Niño que no aumenta de peso

Niño que no aumenta de peso


Uno de los desafíos más comunes y preocupantes durante la lactancia materna es cuando un bebé no aumenta de peso como se esperaba. Este problema puede deberse a múltiples factores, y es esencial identificar la causa subyacente para tomar las medidas correctivas adecuadas. A continuación, exploraremos en detalle las posibles causas, técnicas de alimentación recomendadas, y la importancia de las gráficas de crecimiento para monitorear el progreso del bebé.


Causas

1. Problemas de succión:

  • Agarre incorrecto: Un agarre inadecuado puede dificultar que el bebé extraiga suficiente leche del pecho. Un buen agarre implica que el bebé tenga la boca bien abierta, cubriendo tanto el pezón como una parte significativa de la areola. Los labios deben estar hacia afuera y no debería haber dolor para la madre.
  • Debilidad en la succión: Algunos bebés pueden tener problemas neuromusculares o condiciones como el síndrome de Down que afectan su capacidad para succionar con fuerza suficiente. En estos casos, se puede necesitar la ayuda de un especialista en lactancia para evaluar y corregir la técnica de succión.
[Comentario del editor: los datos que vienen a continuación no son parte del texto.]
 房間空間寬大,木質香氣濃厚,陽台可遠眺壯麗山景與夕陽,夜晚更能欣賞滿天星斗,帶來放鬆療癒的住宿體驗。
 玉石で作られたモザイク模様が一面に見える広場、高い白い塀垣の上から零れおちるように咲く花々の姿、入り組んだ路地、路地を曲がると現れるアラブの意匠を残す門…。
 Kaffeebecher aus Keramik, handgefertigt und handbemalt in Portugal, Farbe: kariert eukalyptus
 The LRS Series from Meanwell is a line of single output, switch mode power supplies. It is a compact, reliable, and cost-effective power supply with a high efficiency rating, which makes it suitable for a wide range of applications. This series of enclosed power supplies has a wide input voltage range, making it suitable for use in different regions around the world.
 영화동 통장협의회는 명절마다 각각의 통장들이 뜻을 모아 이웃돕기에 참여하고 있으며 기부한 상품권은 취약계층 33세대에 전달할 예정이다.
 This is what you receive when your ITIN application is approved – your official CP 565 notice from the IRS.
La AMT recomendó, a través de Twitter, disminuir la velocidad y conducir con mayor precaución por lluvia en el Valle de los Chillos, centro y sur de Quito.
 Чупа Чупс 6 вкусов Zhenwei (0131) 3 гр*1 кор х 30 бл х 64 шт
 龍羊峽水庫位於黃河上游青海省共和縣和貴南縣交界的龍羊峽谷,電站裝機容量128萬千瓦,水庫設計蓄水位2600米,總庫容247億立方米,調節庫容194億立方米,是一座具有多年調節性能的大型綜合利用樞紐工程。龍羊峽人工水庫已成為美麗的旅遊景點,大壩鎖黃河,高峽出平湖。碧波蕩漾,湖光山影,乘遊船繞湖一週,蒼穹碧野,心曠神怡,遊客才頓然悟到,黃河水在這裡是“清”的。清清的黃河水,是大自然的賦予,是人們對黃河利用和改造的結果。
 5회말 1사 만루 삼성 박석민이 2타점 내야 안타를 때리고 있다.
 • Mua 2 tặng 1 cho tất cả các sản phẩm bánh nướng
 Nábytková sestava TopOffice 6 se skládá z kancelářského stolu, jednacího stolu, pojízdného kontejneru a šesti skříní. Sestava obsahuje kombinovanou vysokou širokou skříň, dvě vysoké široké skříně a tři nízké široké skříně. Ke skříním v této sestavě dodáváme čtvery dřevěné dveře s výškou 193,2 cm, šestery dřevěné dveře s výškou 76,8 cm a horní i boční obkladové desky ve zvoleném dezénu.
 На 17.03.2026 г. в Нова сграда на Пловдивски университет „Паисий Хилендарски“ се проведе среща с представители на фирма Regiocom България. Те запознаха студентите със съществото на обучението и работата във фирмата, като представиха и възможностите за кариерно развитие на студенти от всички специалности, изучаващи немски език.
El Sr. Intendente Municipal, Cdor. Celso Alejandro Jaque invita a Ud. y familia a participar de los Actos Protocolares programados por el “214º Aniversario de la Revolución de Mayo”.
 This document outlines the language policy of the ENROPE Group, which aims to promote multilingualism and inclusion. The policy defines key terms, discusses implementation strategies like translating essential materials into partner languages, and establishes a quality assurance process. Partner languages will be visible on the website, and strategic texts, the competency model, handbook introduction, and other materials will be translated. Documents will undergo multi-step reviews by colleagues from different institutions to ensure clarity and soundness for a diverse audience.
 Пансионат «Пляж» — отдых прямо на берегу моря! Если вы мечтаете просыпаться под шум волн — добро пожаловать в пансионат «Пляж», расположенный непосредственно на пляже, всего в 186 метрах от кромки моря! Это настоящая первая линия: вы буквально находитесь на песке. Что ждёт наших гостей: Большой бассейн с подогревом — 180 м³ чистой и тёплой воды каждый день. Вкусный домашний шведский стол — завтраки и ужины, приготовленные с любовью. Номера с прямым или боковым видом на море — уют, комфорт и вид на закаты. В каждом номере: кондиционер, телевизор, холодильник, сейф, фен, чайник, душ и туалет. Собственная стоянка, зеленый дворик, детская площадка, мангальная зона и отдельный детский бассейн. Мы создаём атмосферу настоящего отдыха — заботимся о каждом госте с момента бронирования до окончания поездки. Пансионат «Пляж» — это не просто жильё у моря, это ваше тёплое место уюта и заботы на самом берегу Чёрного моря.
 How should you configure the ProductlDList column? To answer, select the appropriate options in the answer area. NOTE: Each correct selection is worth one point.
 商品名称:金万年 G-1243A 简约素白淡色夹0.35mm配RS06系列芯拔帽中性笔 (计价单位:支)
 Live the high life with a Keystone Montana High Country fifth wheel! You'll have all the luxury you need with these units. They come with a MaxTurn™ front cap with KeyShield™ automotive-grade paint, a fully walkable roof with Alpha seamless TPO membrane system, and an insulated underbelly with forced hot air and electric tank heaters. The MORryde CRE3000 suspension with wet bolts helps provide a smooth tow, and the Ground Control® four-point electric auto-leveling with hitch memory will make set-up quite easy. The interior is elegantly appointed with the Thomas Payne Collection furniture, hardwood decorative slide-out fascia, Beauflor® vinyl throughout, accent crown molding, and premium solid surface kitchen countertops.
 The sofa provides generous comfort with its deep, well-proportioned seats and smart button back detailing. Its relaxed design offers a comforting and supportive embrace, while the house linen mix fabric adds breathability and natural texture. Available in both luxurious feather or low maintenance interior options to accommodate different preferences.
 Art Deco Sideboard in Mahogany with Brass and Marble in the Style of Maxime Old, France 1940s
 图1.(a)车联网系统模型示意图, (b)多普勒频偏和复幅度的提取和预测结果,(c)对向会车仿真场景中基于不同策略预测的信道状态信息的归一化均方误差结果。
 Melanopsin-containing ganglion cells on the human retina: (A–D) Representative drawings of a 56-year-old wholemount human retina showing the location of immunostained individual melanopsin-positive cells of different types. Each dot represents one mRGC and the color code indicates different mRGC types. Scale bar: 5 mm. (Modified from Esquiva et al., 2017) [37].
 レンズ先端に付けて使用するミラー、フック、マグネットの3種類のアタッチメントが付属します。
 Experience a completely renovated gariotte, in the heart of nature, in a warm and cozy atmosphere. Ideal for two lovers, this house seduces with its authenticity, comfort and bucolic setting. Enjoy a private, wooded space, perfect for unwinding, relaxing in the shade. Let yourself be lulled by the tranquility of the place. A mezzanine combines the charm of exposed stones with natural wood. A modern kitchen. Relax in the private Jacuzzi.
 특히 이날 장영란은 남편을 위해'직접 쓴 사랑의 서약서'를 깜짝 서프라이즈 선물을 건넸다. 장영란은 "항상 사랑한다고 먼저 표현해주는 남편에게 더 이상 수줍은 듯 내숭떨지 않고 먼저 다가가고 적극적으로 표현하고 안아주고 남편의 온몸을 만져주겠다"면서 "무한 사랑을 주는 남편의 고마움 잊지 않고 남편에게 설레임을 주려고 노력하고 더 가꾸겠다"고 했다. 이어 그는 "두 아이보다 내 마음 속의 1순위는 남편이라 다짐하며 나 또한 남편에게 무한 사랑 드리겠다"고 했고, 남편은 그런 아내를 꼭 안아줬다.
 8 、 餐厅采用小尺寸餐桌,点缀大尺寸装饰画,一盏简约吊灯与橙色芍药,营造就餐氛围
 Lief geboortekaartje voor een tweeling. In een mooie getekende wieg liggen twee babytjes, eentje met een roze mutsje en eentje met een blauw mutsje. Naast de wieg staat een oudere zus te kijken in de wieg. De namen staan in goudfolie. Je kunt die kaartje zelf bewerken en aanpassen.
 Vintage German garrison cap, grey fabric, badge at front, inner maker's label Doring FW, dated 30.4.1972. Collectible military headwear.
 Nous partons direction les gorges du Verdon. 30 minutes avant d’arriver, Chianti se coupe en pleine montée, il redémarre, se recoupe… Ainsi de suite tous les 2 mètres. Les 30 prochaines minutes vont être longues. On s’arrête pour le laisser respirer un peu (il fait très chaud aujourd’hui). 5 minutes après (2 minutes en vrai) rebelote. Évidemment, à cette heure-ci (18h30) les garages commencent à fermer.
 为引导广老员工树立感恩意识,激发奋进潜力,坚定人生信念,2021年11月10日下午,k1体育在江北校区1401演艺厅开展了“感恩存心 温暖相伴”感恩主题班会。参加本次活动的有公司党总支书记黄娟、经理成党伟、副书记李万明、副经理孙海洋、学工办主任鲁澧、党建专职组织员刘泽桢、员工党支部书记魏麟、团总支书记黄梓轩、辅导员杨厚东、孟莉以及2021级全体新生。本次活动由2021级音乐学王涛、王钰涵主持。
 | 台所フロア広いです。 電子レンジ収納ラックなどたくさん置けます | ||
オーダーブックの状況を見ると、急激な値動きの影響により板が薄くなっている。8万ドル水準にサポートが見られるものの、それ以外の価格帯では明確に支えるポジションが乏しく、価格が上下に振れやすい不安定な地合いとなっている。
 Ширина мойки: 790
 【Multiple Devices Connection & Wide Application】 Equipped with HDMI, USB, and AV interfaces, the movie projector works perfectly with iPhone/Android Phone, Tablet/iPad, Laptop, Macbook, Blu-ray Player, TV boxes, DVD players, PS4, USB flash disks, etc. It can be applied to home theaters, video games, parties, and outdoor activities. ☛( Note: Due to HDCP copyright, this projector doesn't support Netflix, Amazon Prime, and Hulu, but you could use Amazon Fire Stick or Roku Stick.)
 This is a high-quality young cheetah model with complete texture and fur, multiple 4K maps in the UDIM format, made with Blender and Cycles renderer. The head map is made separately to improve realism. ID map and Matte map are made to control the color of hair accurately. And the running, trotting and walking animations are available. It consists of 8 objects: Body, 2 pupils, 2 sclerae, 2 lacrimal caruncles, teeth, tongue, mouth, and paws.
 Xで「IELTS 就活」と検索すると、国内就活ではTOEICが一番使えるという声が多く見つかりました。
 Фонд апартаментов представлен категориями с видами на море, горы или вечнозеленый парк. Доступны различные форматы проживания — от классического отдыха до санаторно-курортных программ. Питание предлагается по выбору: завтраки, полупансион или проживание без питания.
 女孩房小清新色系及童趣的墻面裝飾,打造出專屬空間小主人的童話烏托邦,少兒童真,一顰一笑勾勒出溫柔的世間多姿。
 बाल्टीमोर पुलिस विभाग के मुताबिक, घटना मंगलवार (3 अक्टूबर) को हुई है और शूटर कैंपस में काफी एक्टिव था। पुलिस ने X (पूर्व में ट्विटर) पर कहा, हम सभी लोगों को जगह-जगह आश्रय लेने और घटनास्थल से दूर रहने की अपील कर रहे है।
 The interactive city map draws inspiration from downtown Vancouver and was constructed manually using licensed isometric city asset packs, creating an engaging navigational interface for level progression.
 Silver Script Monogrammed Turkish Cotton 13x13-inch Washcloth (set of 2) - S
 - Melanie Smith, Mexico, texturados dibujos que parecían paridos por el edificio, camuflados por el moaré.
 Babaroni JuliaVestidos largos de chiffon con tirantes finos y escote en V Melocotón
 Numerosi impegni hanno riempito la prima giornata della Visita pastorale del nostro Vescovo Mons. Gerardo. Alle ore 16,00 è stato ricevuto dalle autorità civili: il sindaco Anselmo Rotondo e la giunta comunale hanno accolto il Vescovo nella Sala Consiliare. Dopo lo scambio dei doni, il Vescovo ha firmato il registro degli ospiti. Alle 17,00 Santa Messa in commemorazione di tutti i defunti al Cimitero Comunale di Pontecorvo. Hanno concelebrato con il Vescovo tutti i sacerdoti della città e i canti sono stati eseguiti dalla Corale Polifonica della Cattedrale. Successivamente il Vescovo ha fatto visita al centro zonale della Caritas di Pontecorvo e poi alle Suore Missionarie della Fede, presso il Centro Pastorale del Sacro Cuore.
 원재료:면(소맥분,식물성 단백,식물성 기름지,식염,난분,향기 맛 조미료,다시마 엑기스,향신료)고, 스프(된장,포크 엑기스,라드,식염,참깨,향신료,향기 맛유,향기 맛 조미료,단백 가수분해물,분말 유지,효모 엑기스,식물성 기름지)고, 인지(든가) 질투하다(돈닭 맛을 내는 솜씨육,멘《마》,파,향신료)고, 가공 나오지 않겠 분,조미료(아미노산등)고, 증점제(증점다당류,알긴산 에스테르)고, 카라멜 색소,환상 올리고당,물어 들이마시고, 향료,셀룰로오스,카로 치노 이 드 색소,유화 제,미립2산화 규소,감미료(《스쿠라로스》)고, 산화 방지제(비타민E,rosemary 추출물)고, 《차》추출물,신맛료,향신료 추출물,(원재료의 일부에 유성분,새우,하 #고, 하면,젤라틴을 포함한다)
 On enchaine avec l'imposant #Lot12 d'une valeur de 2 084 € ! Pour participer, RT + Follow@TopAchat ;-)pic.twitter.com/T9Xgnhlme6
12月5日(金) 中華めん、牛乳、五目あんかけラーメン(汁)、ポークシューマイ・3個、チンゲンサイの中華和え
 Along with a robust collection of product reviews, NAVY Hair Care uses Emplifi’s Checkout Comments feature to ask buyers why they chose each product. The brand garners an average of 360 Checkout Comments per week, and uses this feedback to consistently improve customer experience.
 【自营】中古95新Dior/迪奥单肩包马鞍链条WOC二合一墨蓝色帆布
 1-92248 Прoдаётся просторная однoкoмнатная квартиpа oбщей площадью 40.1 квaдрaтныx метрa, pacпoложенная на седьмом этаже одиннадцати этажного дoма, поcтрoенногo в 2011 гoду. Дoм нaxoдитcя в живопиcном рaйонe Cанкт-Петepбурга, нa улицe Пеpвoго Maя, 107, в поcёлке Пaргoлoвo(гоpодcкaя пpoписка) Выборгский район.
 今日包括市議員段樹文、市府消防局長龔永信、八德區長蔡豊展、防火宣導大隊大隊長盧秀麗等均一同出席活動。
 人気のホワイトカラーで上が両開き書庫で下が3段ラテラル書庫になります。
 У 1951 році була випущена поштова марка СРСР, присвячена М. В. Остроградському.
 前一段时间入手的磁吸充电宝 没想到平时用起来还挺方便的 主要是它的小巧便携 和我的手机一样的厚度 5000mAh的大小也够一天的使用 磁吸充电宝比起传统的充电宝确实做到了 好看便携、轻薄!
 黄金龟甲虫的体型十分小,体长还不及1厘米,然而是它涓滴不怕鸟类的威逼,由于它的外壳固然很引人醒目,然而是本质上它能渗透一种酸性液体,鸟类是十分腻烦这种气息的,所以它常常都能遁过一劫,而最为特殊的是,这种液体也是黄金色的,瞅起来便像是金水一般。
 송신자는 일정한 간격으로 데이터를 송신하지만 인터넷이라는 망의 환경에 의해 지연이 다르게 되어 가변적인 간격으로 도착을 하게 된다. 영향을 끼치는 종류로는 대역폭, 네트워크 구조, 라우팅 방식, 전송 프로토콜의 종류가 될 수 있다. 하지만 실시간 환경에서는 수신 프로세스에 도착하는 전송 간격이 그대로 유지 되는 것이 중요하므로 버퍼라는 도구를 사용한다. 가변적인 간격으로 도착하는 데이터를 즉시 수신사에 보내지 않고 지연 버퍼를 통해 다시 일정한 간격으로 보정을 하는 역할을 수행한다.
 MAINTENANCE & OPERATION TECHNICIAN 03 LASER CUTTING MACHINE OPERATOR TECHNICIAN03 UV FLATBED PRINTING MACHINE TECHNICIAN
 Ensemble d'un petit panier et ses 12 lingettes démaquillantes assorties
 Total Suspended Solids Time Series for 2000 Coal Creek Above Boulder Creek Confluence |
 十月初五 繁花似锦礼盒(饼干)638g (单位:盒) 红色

2. Mala técnica de lactancia:

  • Posición incorrecta: La posición del bebé durante la lactancia es crucial. Las posiciones recomendadas incluyen la posición de cuna, cuna cruzada, y de balón de fútbol. Cada una de estas posiciones puede ayudar a mejorar el agarre y la transferencia de leche.
    • Ejemplo: En la posición de cuna, la madre sostiene al bebé con el brazo del mismo lado del pecho que está ofreciendo. En la posición de balón de fútbol, el bebé está a un lado de la madre, con sus piernas hacia atrás, lo que puede ser útil para las madres con cesárea o aquellos con pechos grandes.
  • Frecuencia de alimentación insuficiente: A veces, los bebés no se alimentan lo suficiente debido a un horario rígido. Es importante alimentar a demanda, respondiendo a las señales de hambre del bebé, que pueden incluir chuparse las manos, moverse mucho o buscar el pecho.
3. Problemas de salud subyacentes:
  • Infecciones: Infecciones como infecciones urinarias o respiratorias pueden afectar el apetito del bebé y su capacidad para ganar peso.
  • Trastornos gastrointestinales: Condiciones como la enfermedad celíaca, la intolerancia a la lactosa o el reflujo gastroesofágico pueden dificultar la absorción adecuada de nutrientes.
  • Trastornos metabólicos: Algunos bebés pueden tener trastornos metabólicos que interfieren con la ganancia de peso. Estos pueden incluir problemas con el metabolismo de los carbohidratos, las grasas o las proteínas.
Identificación y Tratamiento
  • Infecciones urinarias: Los síntomas pueden incluir fiebre, irritabilidad, vómitos y falta de apetito. El diagnóstico se confirma mediante un análisis de orina y cultivo. El tratamiento generalmente consiste en antibióticos específicos basados en la sensibilidad del patógeno identificado.
  • Infecciones respiratorias: Estas pueden incluir resfriados comunes, bronquiolitis y neumonía. Los síntomas pueden ser fiebre, tos, dificultad para respirar y falta de apetito. El tratamiento varía según la gravedad e incluye desde cuidados de apoyo (hidratación y control de fiebre) hasta antibióticos si se sospecha una infección bacteriana.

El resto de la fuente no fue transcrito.